The mathematical curvature for each TCD beat waveform was computed from the exams by a program written in Python according to the methods described in Thorpe et al. [22]. This computation was performed by an expert researcher who was blinded to the results of each patient’s NCCT and CTP results. Multiple MCA velocities across different depths between 45 and 60 mm were recorded trans temporally, and the VCI values were extracted by choosing the minimum of the bilateral curvature values associated with the maximal mean CBFV value from a subject’s exam [22]. VCI is the summed curvature possessed by a single CBFV pulse waveform, thus assigning a lower numerical value to a waveform that may appear ‘blunted’ to an interpreter (example shown in figure 1). This value provides a diagnostic biomarker that is representative of more subjectively-classified morphology parameters at its useful threshold of 3.61, chosen to maximize Youden’s J statistic described in Thorpe et al. [22].

Figure 1. Example of IHC and LVO averaged CBFV waveforms, and their corresponding VCI values. LVO is associated with a lower VCI value, as described in this figure from Thorpe et al. 2018, used with permission.

Individual metric performance analysis

We correlated ASPECTS and VCI in each group using Pearson’s correlation coefficient to understand what, if any, relationship exists between these two stroke assessment techniques. In addition, differences between groups in ASPECTS and VCI were tested for significance using the Mann-Whitney U Test. We evaluated the strength of agreement between these two measures by finding the Cohen Kappa Statistic based upon the incidence of agreement in designation. From these results, the sensitivity (SEN), specificity (SPE) and accuracy (ACC) values for each metric were computed to serve as a comparison for the performance of their combination. Additionally, we generated receiver operating characteristic (ROC) curves for the selection of the optimal thresholds of VCI and ASPECTS. Distribution analyses, correlation, and ROC curves were computed using standard python libraries; SciPy Stats version 1.0 and Scikit-learn version 0.19.1.

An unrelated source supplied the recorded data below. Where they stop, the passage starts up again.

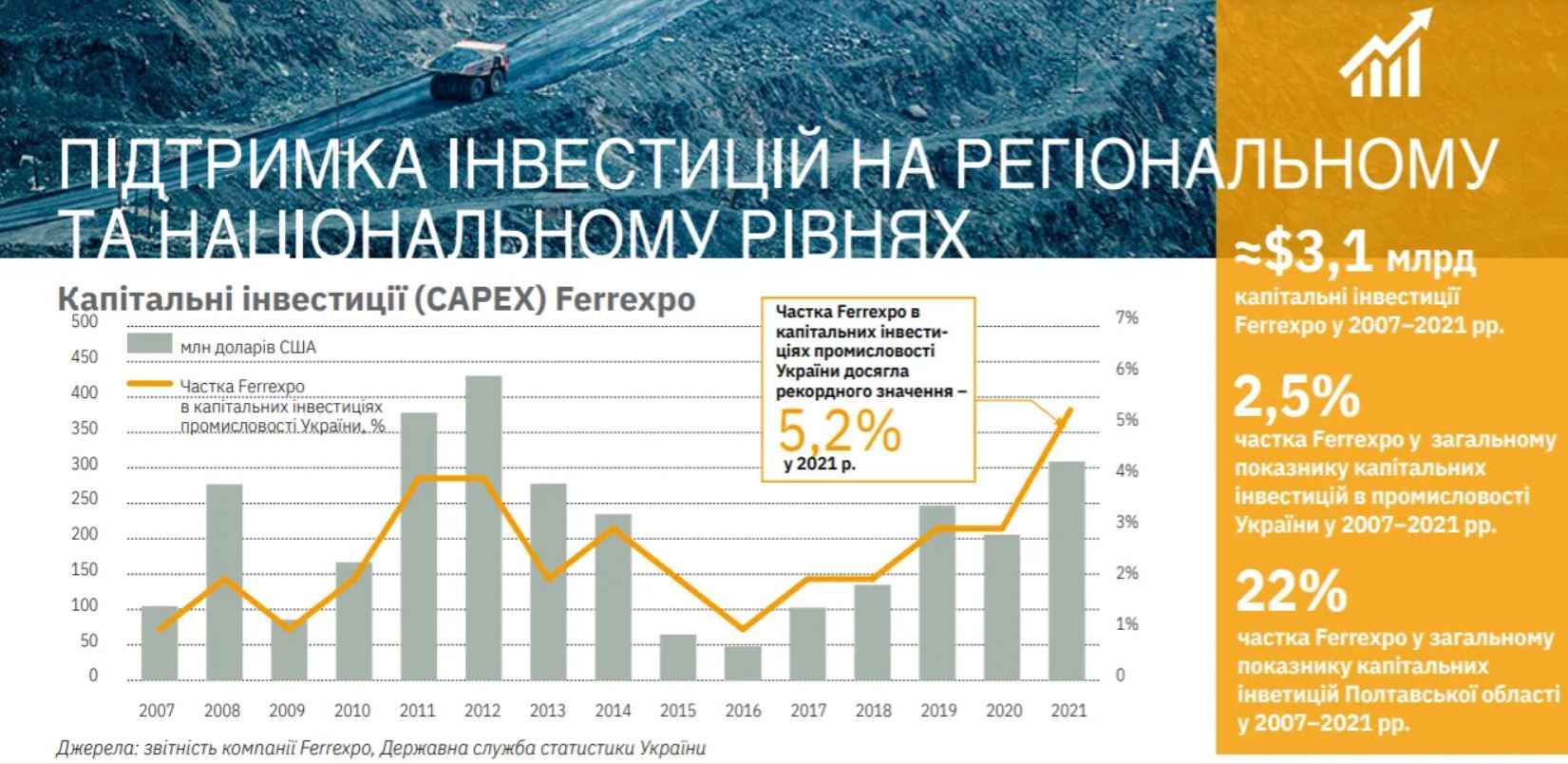 Ferrexpo вже інвестувала у свою діяльність в Україні понад $3 млрд, сплатила понад $1,3 млрд прямих податків в бюджет країни, надала пряму підтримку місцевим громадам та є одним із найбільших роботодавців у Полтавській області.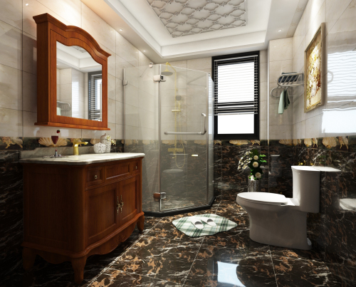 濃郁的米灰色墻板與充滿美式風(fēng)格的復(fù)古質(zhì)感風(fēng)格浴室柜形成強(qiáng)烈的撞擊,恰如其分的胡桃色點綴,亦能緩和冰冷浴室?guī)淼膲阂指小M高^復(fù)古的風(fēng)格情調(diào),更顯沉穩(wěn)、大氣。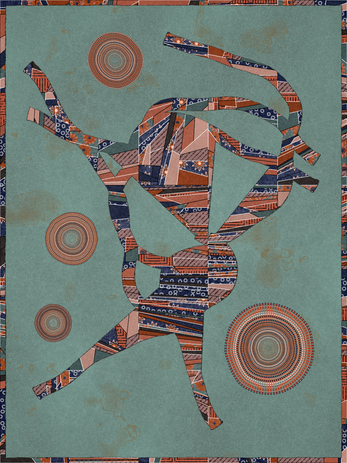 Made entirely with code, Interwoven draws inspiration from the 1986 Bullseye Quilt by Martha Lou Jones in LACMA’s collection, meditating on the quilt’s underlying tension between the computational and handmade through a distinctive patchwork style. The algorithm uses randomness to give rise to creature-like forms in order to embody the narrative elements so integral to the tradition of quilt-making.

Decision criteria formation

We used a threshold of 3.61 for VCI and 7 for ASPECTS, as have been previously published [8,22]. The optimal VCI threshold of 3.61 was derived from the same population data used in this analysis [22]. An ROC curve was generated to determine the optimal ASPECTS threshold for use on this specific dataset, which was in line with published clinical studies [8]. For subjects whose VCI or ASPECTS fell below either of these thresholds, they were appended to the predicted LVO group. Any subjects who did not fall below these thresholds were designated as IHC. The decisions were presented as a binary set, and the sensitivity, specificity, and accuracy values were generated based on comparison to the CTA ground-truth labels.

Results

Subject information and demographics

Of the possible subjects with adequate initial screenings, 50 LVO and 38 IHC were initially enrolled. In the LVO group, three were discontinued (either expressed desire to discontinue or were transferred or died). An additional 14 LVO and five IHC subjects were excluded due to the presence of disqualifying criteria not known upon initial enrollment. Within the LVO group, there were 20 subjects with M1 occlusions, three with M2 occlusions, and eight ICA occlusions. One additional subject had tandem occlusions in the M1 and ICA of the same hemisphere, and one other subject had bilateral ICA occlusions in addition to an M2 occlusion.

For subject group demographics and attributes, see table 1 in the previous section. Significant differences in ASPECTS, VCI, and NIHSS between the IHC and LVO groups were observed upon comparison. The ranges of these metrics in each group, shown in figure 2.

Figure 2. Distributions of (a) Alberta Stroke Program Early CT Scores (ASPECTS), (b) Velocity curvature index (VCI) values, and (c) National Institutes of Health Stroke Scale (NIHSS) Scores in both large vessel occlusion (LVO) and in-hospital control (IHC) groups

ASPECTS and VCI are not Correlated

In terms of Pearson’s correlation, we found no statistically significant correlation between these metrics in either experimental group; in LVO, r = 0.249 (P=0.14); in IHC, r = 0.127 (P=0.48) (figure 3a). ASPECTS and VCI agreed in the correct label of 29 of 33 IHC, and in 22 of 33 LVO subjects. We evaluated the Cohen Kappa Statistic for the agreement of VCI and ASPECTS and found it to be 0.46.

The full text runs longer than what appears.